Another argument in favor of the “dotcom strategy” has been that the “economies of scale” resulting from massive consumer sales via an unlimited Internet marketplace would generate higher margins. What most companies have found is that the much touted volume market is not readily accessible. There are many possible reason for this, including:

  • Too many companies chasing too few consumers

  • Lack of brand loyalty

  • Slower than expected take up of the Internet as a shopping medium

The result has been that companies have not been able to attract enough consumers to their sites to achieve the economies of scale suggested by their business plans. Dotcoms have continued to sell merchandise at prices below cost in order to build traffic. In addition, in an attempt to attract and retain new customers in this highly competitive marketplace, dotcom companies resorted to spending millions of dollars on advertising, much of which failed to yield the required return on investment. Building a brand on the Internet is much more expensive than anyone anticipated. Unfortunately, dotcom retailers did not have the luxury of growing brands over a number of years. Working in “Internet time” became the “key to success”, which translated into spending money faster than we would have thought possible just a couple of years earlier.
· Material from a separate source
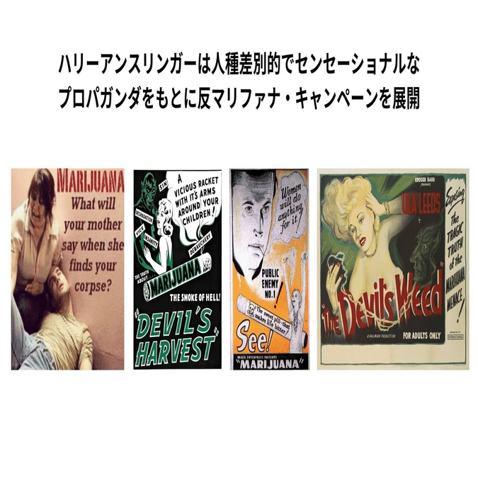 アンスリンガーは、人種差別的な偏見を利用し、大麻の使用を犯罪と結びつけるキャンペーンを展開していきます。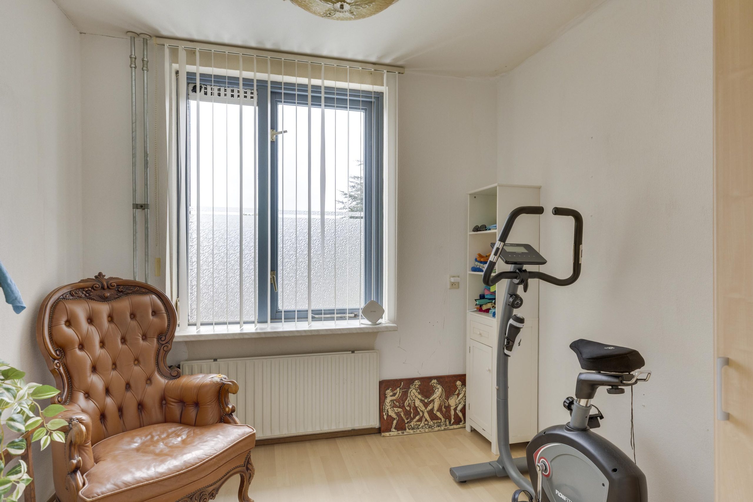 De woonkamer is aan de voorzijde gelegen en heeft een fijn vrij uitzicht, is afgewerkt met een laminaatvloer en uitgerust met airco voor extra wooncomfort. Doordat er geen draagmuren aanwezig zijn, is hier eenvoudig een open leefkeuken te realiseren.

Many catalog companies have taken years to build a loyal customer base. This path to profitability would not be possible for many new, VC-backed dotcom companies. Investors wanted to see a return on their significant investments in “Internet time.” However, catalog and traditional retailers alike were able to take advantage of their brand equity when they eventually arrived on the Internet en-mass at the end of 1999. That was when eRetailNews predicted the market was about to change in favor of the traditional retailer to the detriment of the dotcom pure-play (see Over Dot Com’d?).
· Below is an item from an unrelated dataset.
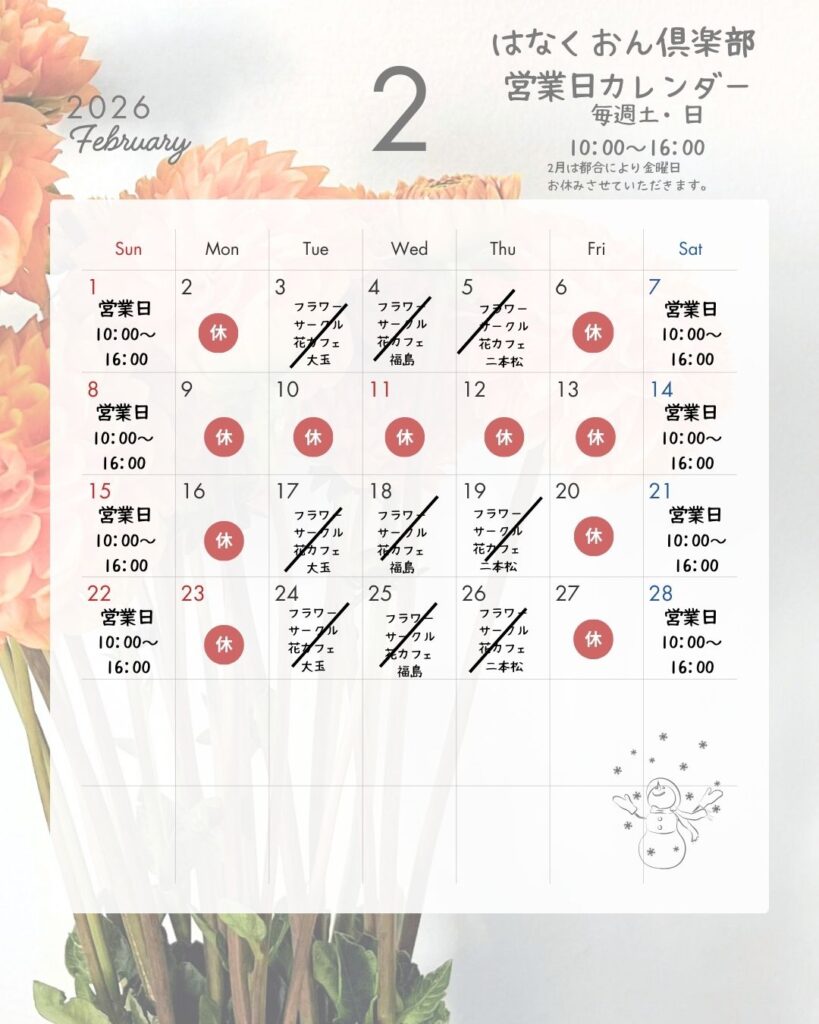 2月は都合により、毎週金曜日はお休みさせていただきまして、土日のみの営業になりますので、何卒ご理解をよろしくお願い申し上げます。また、ご予約いただければ、営業日以外でも対応させていただきます。

Had the amount of venture capital invested in the Internet retailing market been invested in the traditional retail market instead, I believe we would now be witnessing the biggest decline in traditional retailing in history. Following simple supply and demand economics, if the market is over stimulated on the supply side of the equation there must be fallout somewhere down the road in terms of a future contraction. Would such over-stimulation of the retailing sector, had it taken place, have implied the demise of retailing? ….Hardly. Many companies would have perished, but the strong would survive.
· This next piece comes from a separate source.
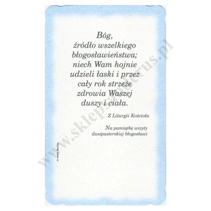 Obrazek kolędowy lakierowany oraz brokatowany wymiarach 6.2 cm x 10.4 cm. Na rewersie obrazka pamiątkowy tekst. W paczce znajduje się 100 szt. obrazków jednego wzoru. Sprzedaż na paczki po 100 szt.
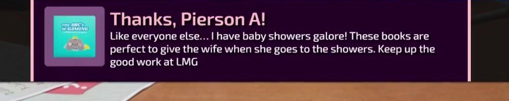 Like everyone else... I have baby showers galore! These books are perfect to give the wife when she goes to the showers. Keep up the good work at LMG

Will the over-stimulation of the dotcom retail sector signal the end of Internet retailing or the pure-play dotcom? I don’t think so. What the Internet offers is a distribution channel that has its own nuances that must be mastered before a company can achieve profitability. This channel should be chosen for the right reasons, based upon servicing a market niche that cannot be served more efficiently through traditional retail stores or catalogs, or to supplement these existing channels. Clearly, eRetailing will continue to flourish as part of traditional and catalog retailers as they learn to more tightly integrate this new channel into their business models.

The Internet is effectively just another component of the four P’s of marketing mix (product, price, place {distribution} and promotion). Success stems from the effective use of all four components of the mix, and not just one component (i.e. place).

The pure-play dotcoms most likely to reach profitability will do so through a niche-play strategy. The key will be in segmenting the market so as to identify niches that are not efficiently serviced through catalog and traditional store channels, and being able to service such a niche with a unique product assortment that is hard to replicate (e.g. own-label merchandise).

In conclusion, although eRetailing will be most successful as part of an integrated multi-channel strategy, there will be continual opportunities for successful pure-play eRetailers to become established as the channel becomes more widely accepted as buying medium. However, the low barriers to entry on the Internet will require successful companies to be able to defend their position through the use of proprietary merchandise assortments and services that cannot be readily replicated.